German Aluminum Smelter Halves Output on Soaring Power Costs

Speira GmbH is the latest European aluminum producer to reduce production in response to soaring energy costs that the industry says are an “existential threat” to its survival.

(Bloomberg) — Speira GmbH is the latest European aluminum producer to reduce production in response to soaring energy costs that the industry says are an “existential threat” to its survival.

Speira will cut production at its smelter in Germany by 50% to 70,000 tons a year until further notice and will look to source metal externally to feed its processing plants, it said on its website.

The curtailment adds to the extreme toll that the energy crisis is having on Europe’s metals industry, which is one of the biggest industrial consumers of power and gas. The region’s aluminum and zinc production capacity has fallen by about 50% within the past year, and more cuts are being planned — Norsk Hydro is preparing to close a smelter in Slovakia, and Europe’s largest aluminum smelter said on Tuesday it will also reduce production this month. 

Read: Europe’s Top Aluminum Plant Will Cut Output 22% on Energy Costs

A group representing the region’s biggest metal producers wrote to European Union politicians on Wednesday warning that the energy crisis could cause “permanent deindustrialization” in the bloc, unless a package of support measures are implemented. Along with aluminum smelters, zinc and steel producers have curtailed production output significantly in recent months.

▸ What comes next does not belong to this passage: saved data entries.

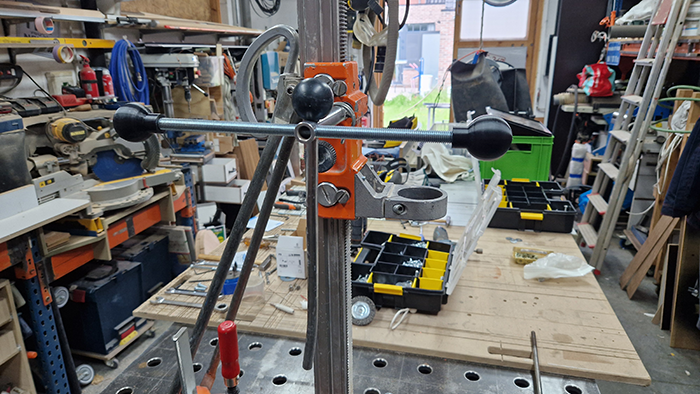 Professionele klant met een ouder model klokboor statief vroeg ons om enkele aanpassingen te doen om de functionaliteit te verbeteren: -insijpelen vuil/water in verstelvoetjes - 2e hendel - versteviging bevestiging in het midden
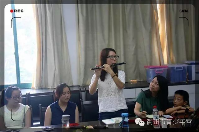 经过一天的的教学培训,参加培训的教师们进步神速,在指法和吹奏技巧上都有很大的精进。7月13日上午,衢州市委常委、宣传部长诸葛慧艳在指导市青少年宫哲学社会科学普及教育工作时,走进竹笛培训班聆听了一会儿培训课程,听完教师们的吹奏,诸葛部长开心地说“老师们吹得好,指导老师教得好!”
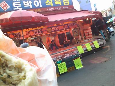 マンドゥをかじりながら、お土産探しも楽しいです。キンパ@1500wや焼栗@3000w、マッコリもついでに買って、朝ご飯ってのも、たまらないですね。
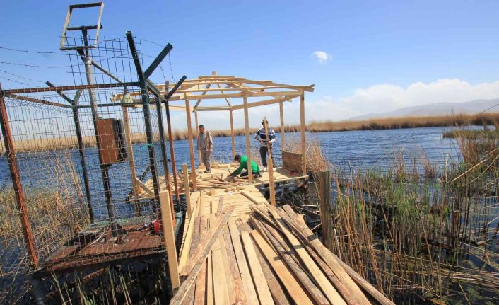 Milli park ilan edilen Sultan Sazlığı’nda geçtiğimiz günlerde çıkan yangında zarar gören alanlar tamir ediliyor.
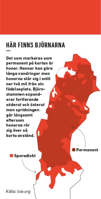 − Att få se en björn som går ostörd och äter bär, det är en dröm som man har haft hela livet. Ofta har man ju stört djuren man ser, säger Johan Falck som följt med på expeditionen. Han var tidigare naturbevakare i Västerbotten och har sett många björnar i sina dagar, vissa lite väl nära. I jobbet ingår bland annat att ta en hörntand från varje skjuten björn. Ett oromantiskt slit med tång och stämjärn.
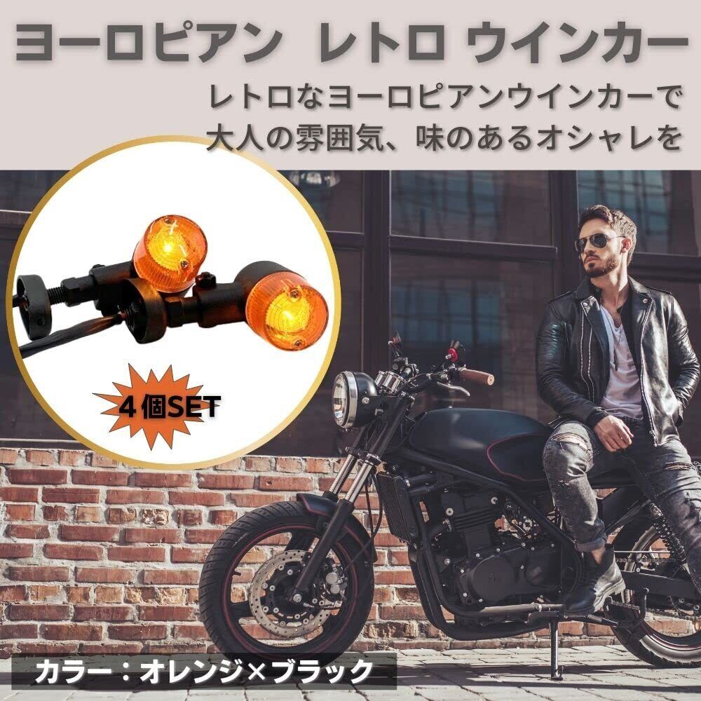 one+lifestyle バイク ヨーロピアン ウインカー 円筒型 ライト ランプ 4個 セット 丸型 方向指示器 改造 レトロスタイル アルミ合金 クール ブラック サイドウインカー ハーレー モンキー など 汎用 モーターサイクル(オレンジ)

“We are facing similar challenges as many other European aluminium smelters,” Speira CEO Einar Glomnes said in a statement. “Energy prices have reached too-high levels over the last months, and we don’t foresee those to fall in the short-term future.”

Speira expects the curtailment process to be completed in November, and it doesn’t plan to make forced job cuts, it said. The company told Bloomberg it was considering the move last month. 

European aluminum production has already dropped to the lowest levels since the 1970s and industry insiders say the escalating energy crisis could mean large swathes of the region’s aluminum capacity is switched off permanently. Some smelters are protected by government subsidies, long-term electricity deals or access to their own renewable power, but the rest face an uncertain future.

In its letter on Wednesday, industry group Eurometaux called on politicians to “look at all available options” to safeguard the sector, including measures to reduce prices from fossil-fuel generators, and an expansion of state aid relief.

The EU should also evaluate “options for temporary solidarity measures to rebalance the windfall profits in other specific sectors during this crisis,” the group said in the letter, which was signed by 40 of the region’s leading metal producers and processors.